**PROBLEM DESCRIPTION:** Copy the data precisely, character for character, and leave out every picture.

━━━━━ GIVEN DATA ━━━━━

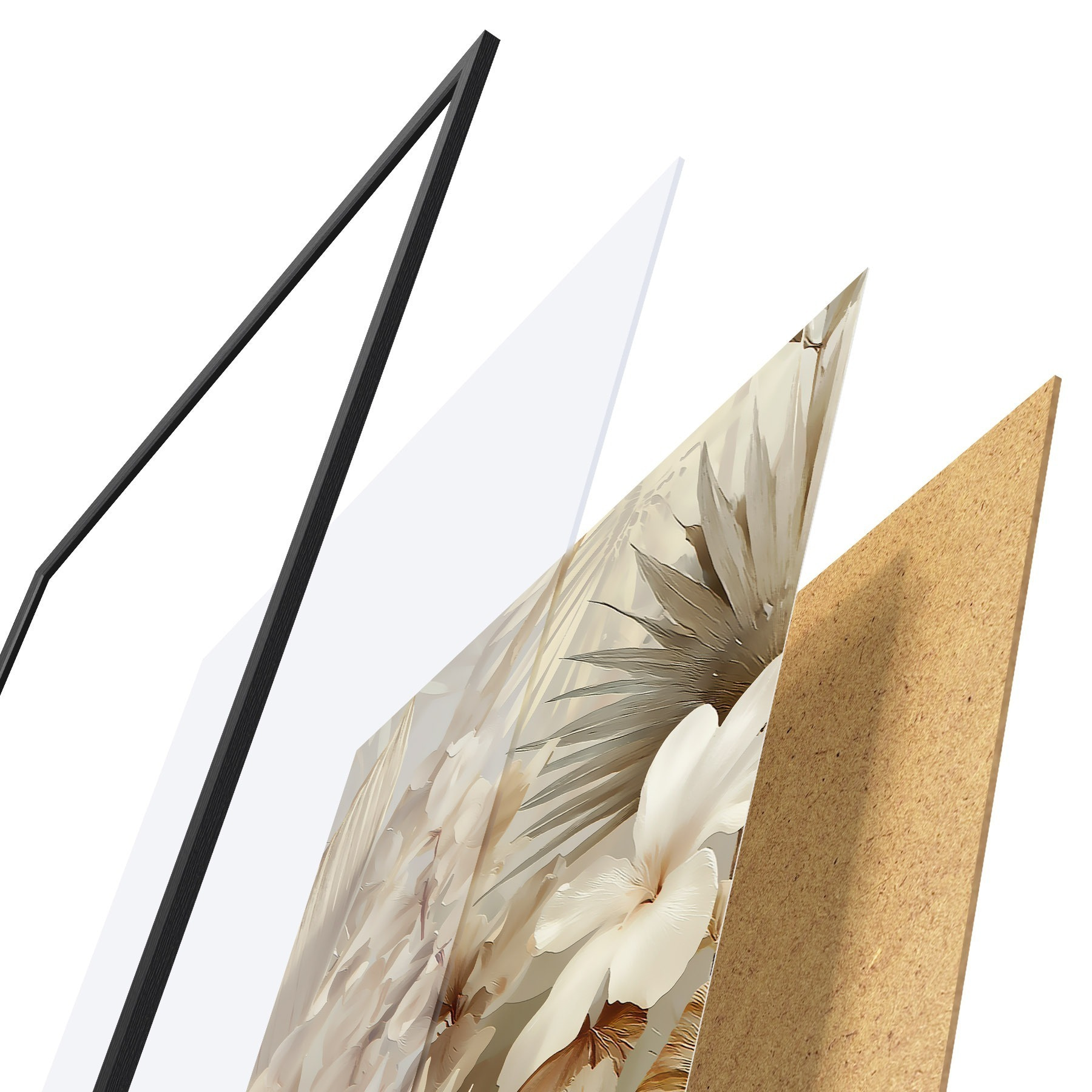 De poster bestaat uit een frame, plexiglas, geprinte afbeelding en spaanplaat achterkant. De poster kan meteen aan de muur worden gehangen dankzij de bevestigingen op de achterkant.
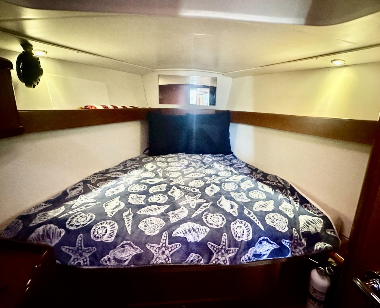 Features a large athwartship bed. There are transom opening ports for additional ventilation and light. The Mattress has inner spring support. Hanging clothes locker.
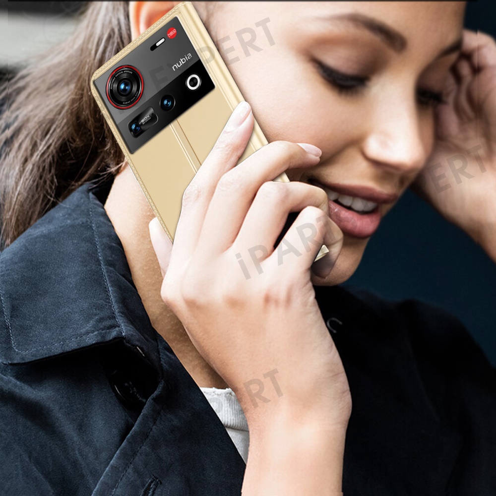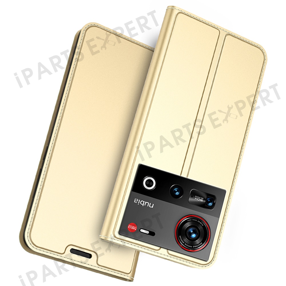 For ZTE nubia Z70 Ultra 5G Case PU Leather Phone Cover with Card Holder Stand Magnetic Closure - Gold
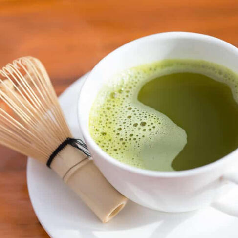 A powder, finley ground from processed shade-grown tea leaves, served in hot water. Grassy and slightly bitter, it has a strong umami (savory like broth and cooked meat) taste.
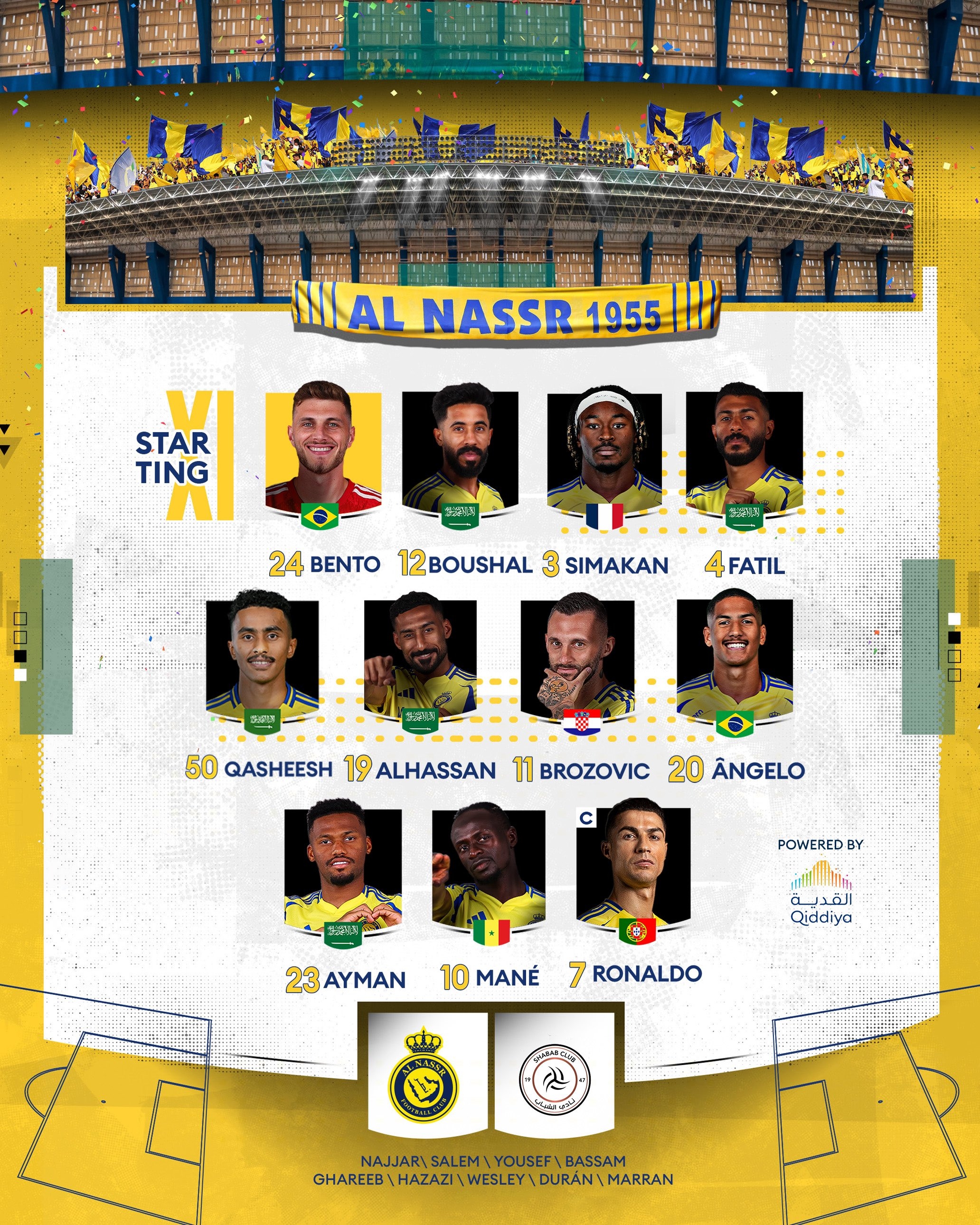 3月8日訊 沙特聯(lián)第24輪,利雅得勝利主場(chǎng)對(duì)陣?yán)诺们嗄耆?。賽前,官方公布了本?chǎng)的首發(fā)名單。

━━━━━

**RESULT:**
 De poster bestaat uit een frame, plexiglas, geprinte afbeelding en spaanplaat achterkant. De poster kan meteen aan de muur worden gehangen dankzij de bevestigingen op de achterkant.
 Features a large athwartship bed. There are transom opening ports for additional ventilation and light. The Mattress has inner spring support. Hanging clothes locker.
 For ZTE nubia Z70 Ultra 5G Case PU Leather Phone Cover with Card Holder Stand Magnetic Closure - Gold
 A powder, finley ground from processed shade-grown tea leaves, served in hot water. Grassy and slightly bitter, it has a strong umami (savory like broth and cooked meat) taste.
 3月8日訊 沙特聯(lián)第24輪,利雅得勝利主場(chǎng)對(duì)陣?yán)诺们嗄耆?。賽前,官方公布了本?chǎng)的首發(fā)名單。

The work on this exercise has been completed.